▸ **Dataset content**:
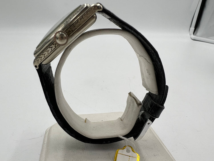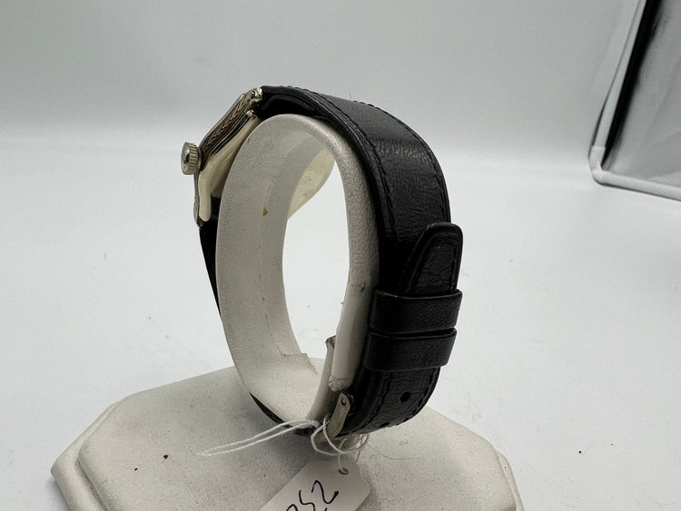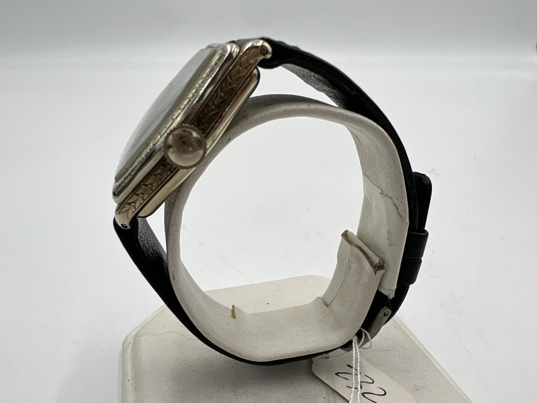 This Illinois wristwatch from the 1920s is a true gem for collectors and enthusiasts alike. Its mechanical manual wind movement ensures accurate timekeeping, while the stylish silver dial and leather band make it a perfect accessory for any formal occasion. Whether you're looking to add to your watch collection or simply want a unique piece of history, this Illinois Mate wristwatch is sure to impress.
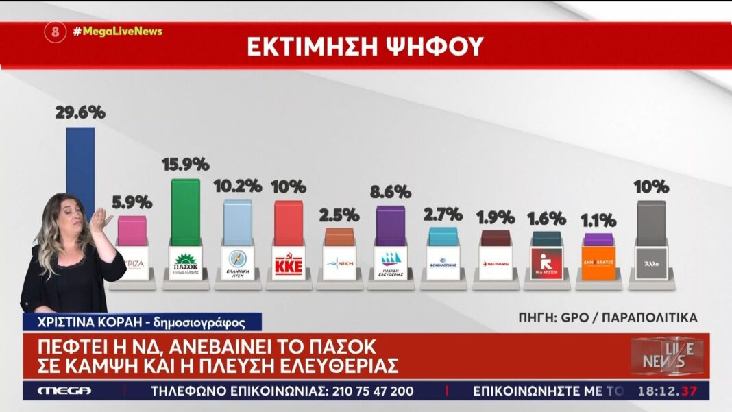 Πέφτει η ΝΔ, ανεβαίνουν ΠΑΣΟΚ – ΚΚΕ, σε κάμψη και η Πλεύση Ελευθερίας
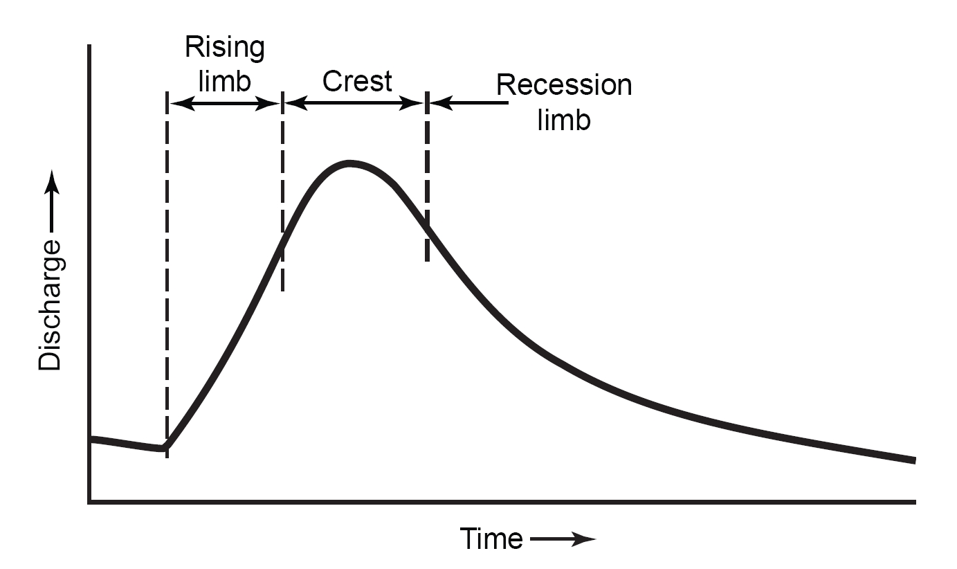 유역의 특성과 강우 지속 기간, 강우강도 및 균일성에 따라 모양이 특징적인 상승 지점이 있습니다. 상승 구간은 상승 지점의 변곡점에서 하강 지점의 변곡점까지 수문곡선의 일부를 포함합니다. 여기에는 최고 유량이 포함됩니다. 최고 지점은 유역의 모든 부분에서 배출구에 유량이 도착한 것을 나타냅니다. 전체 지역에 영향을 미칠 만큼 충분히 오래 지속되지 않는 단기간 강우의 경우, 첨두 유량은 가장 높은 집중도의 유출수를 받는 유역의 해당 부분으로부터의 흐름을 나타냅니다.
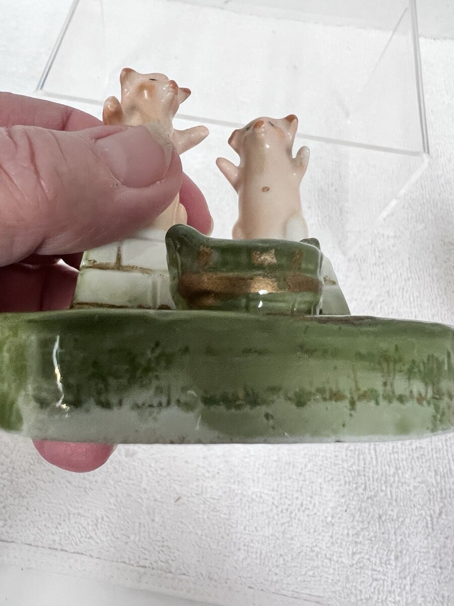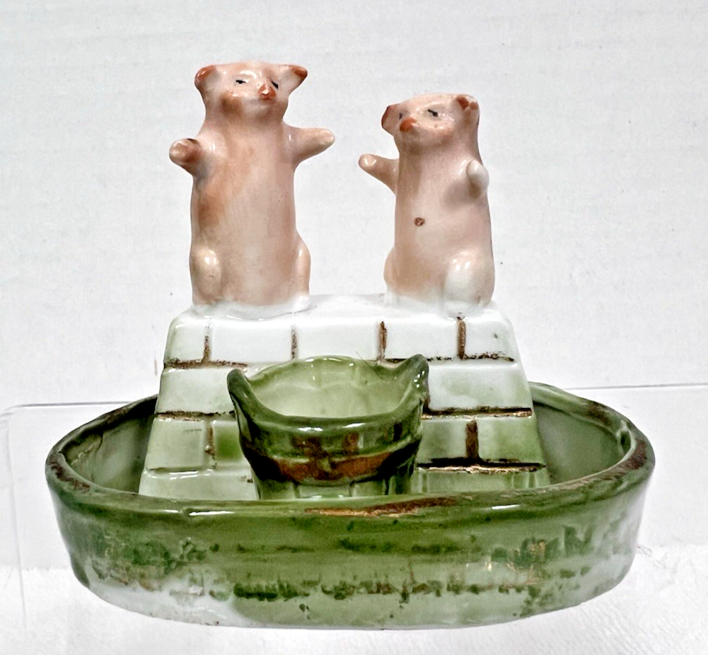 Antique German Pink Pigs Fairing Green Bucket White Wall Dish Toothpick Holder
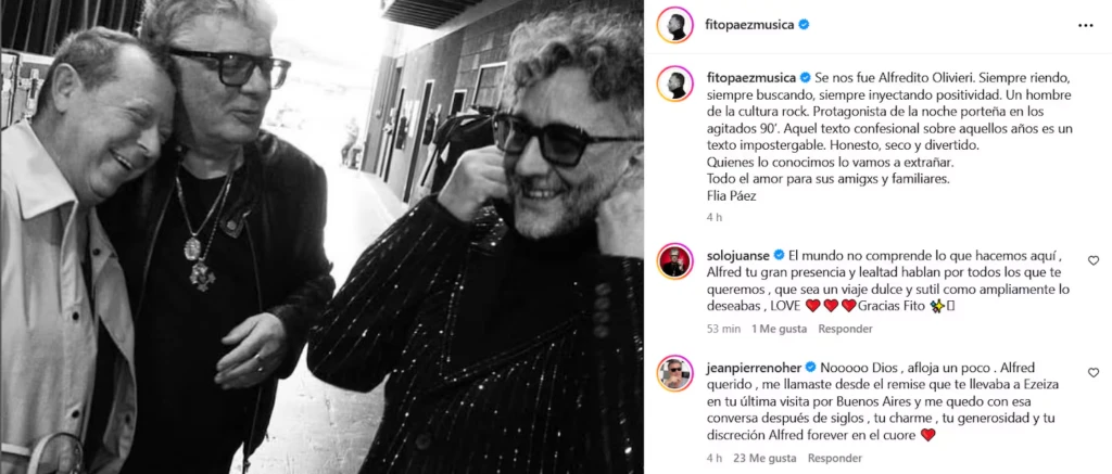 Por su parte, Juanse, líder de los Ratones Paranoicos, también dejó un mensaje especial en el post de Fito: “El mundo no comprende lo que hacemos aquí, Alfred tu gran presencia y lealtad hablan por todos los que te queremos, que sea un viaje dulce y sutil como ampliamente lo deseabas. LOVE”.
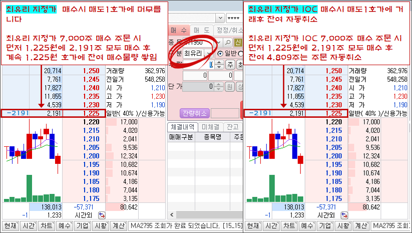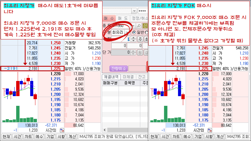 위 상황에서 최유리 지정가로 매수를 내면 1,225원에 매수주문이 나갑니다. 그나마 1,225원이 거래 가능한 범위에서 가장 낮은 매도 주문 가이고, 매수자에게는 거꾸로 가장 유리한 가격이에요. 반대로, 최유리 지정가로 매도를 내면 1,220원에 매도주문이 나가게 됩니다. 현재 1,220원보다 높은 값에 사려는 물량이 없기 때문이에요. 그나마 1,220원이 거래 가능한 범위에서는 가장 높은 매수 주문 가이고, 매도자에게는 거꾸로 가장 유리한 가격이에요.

...

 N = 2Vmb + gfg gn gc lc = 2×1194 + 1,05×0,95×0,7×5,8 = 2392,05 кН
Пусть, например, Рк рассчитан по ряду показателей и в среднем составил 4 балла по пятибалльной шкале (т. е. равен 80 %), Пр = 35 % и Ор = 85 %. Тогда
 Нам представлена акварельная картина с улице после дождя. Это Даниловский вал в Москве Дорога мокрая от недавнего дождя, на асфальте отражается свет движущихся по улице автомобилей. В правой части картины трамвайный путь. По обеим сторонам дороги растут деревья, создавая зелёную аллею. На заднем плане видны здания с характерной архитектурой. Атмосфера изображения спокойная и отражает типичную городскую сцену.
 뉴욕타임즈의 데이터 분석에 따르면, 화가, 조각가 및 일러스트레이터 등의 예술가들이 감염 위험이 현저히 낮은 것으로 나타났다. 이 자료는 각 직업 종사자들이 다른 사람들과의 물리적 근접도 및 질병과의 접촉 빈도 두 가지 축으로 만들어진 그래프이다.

==

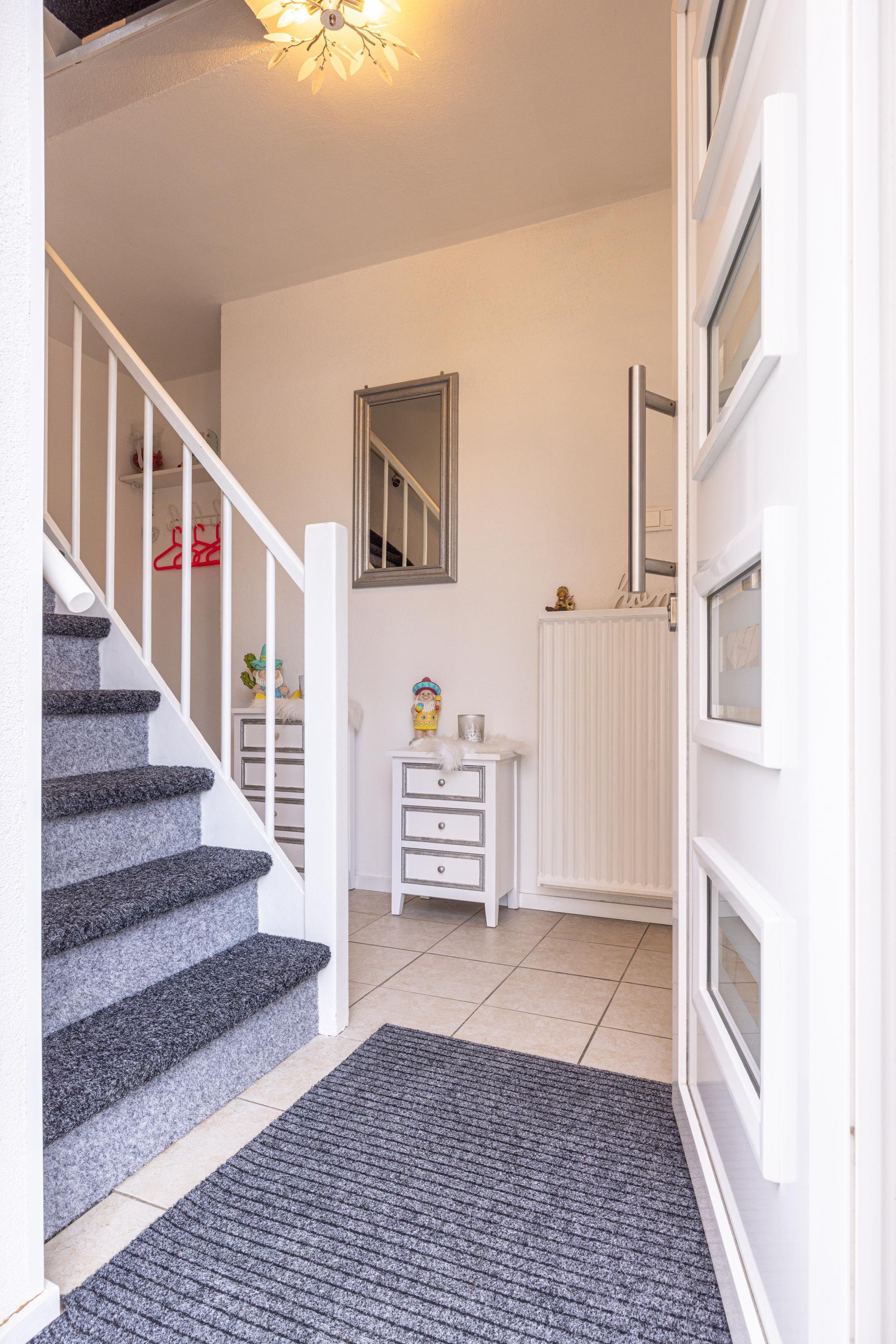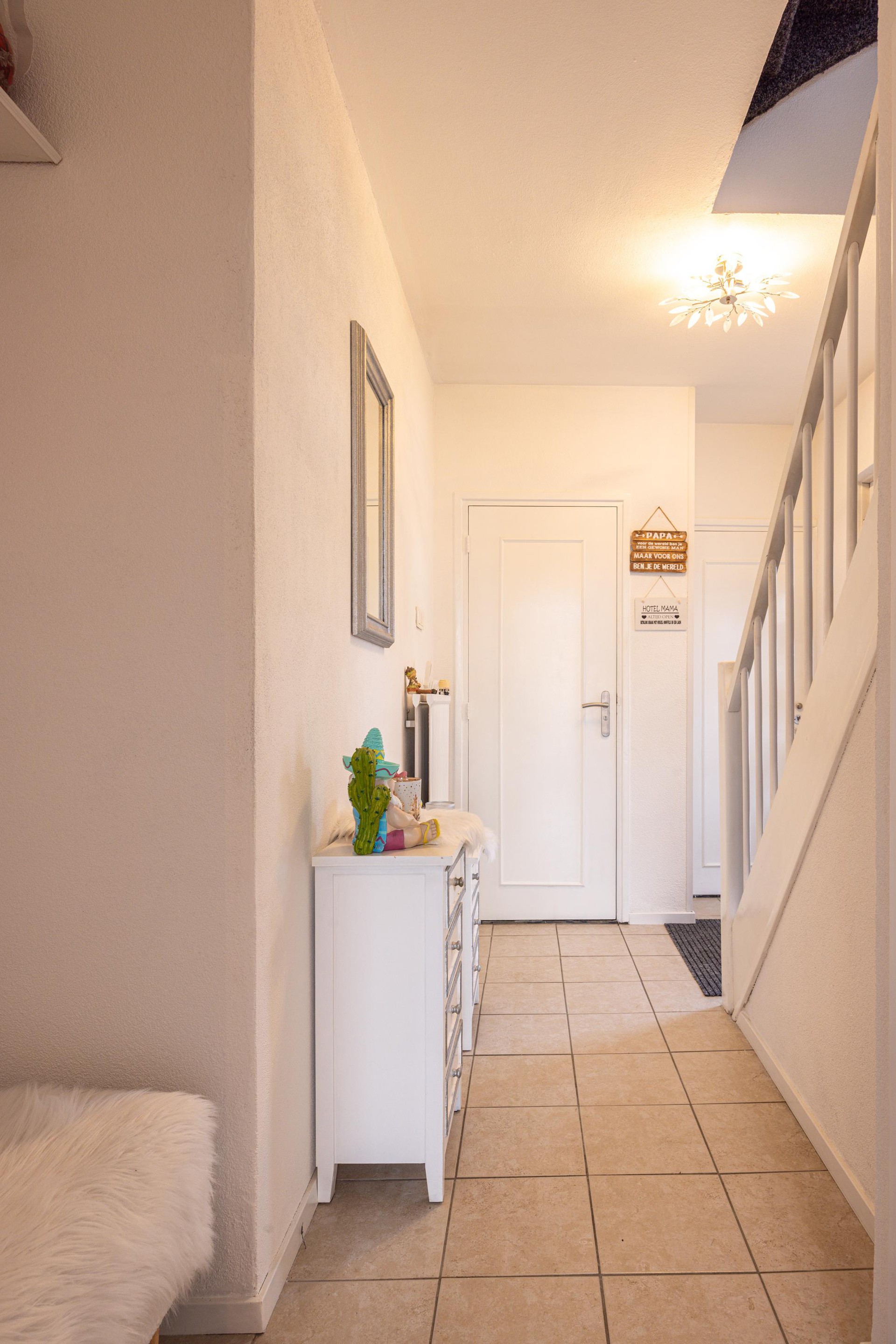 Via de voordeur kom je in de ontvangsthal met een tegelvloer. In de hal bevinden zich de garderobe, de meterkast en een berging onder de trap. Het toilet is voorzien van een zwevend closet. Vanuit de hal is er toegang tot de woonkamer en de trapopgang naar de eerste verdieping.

▸ **To do**: Above this task is a listing with pictures in it. Retype only the lines from the one containing "Antique German Pink" through the one containing "위 상황에서 최유리 지정가로", both included, and not the pictures.

▸ **Answer area**:
 Antique German Pink Pigs Fairing Green Bucket White Wall Dish Toothpick Holder
 Por su parte, Juanse, líder de los Ratones Paranoicos, también dejó un mensaje especial en el post de Fito: “El mundo no comprende lo que hacemos aquí, Alfred tu gran presencia y lealtad hablan por todos los que te queremos, que sea un viaje dulce y sutil como ampliamente lo deseabas. LOVE”.
 위 상황에서 최유리 지정가로 매수를 내면 1,225원에 매수주문이 나갑니다. 그나마 1,225원이 거래 가능한 범위에서 가장 낮은 매도 주문 가이고, 매수자에게는 거꾸로 가장 유리한 가격이에요. 반대로, 최유리 지정가로 매도를 내면 1,220원에 매도주문이 나가게 됩니다. 현재 1,220원보다 높은 값에 사려는 물량이 없기 때문이에요. 그나마 1,220원이 거래 가능한 범위에서는 가장 높은 매수 주문 가이고, 매도자에게는 거꾸로 가장 유리한 가격이에요.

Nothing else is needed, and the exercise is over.